Months after a so-called ceasefire that never truly held, Gaza remains suspended in conditions that cannot be described as peace. The patterns of bombing may shift, but their consequences remain permanent. Entire neighbourhoods lie flattened. Roads are fractured. Water systems barely function. Communication cuts out for hours or days at a time.
What little infrastructure remains stands in a fragile state: damaged, unreliable, yet stubbornly refusing to disappear.
Broken city
Daily life has become a struggle defined by scarcity.

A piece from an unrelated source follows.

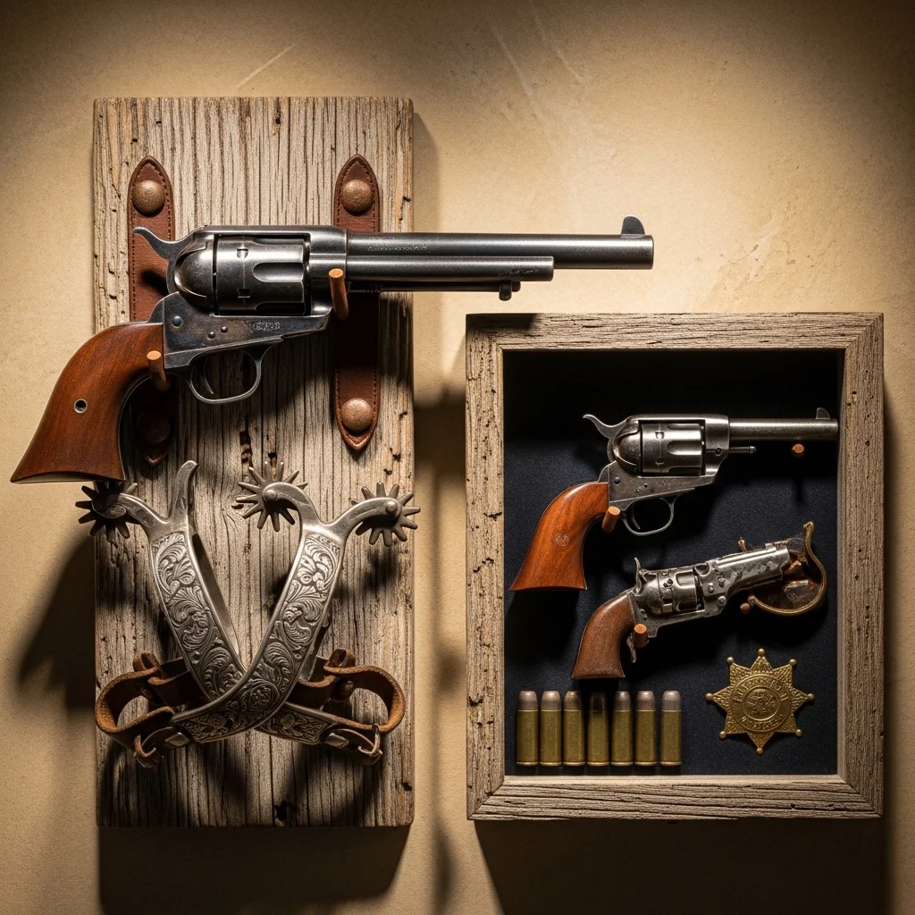 For the true Western enthusiast, guns and spurs can be displayed as art pieces. Whether mounted as wall decor or featured in a shadow box, these items can serve as conversation starters while paying homage to the Western heritage.

Poverty and unemployment have soared, leaving most families without stable sources of income. Aid arrives irregularly and in limited quantities, forcing Palestinians into endless cycles of waiting, rationing, and improvisation. Planning for the future has become almost impossible. Survival replaces planning; endurance replaces recovery.
Even now, airstrikes, shelling, and gunfire punctuate daily life. Local authorities have documented hundreds of ceasefire violations since the truce took effect, many resulting in civilian casualties.
Movement remains tightly restricted, particularly at border crossings such as Rafah. Fuel, construction materials, and humanitarian supplies are frequently delayed or blocked. Caravans and prefabricated housing units are prevented from entering Gaza. Essential rebuilding materials are labelled “banned.”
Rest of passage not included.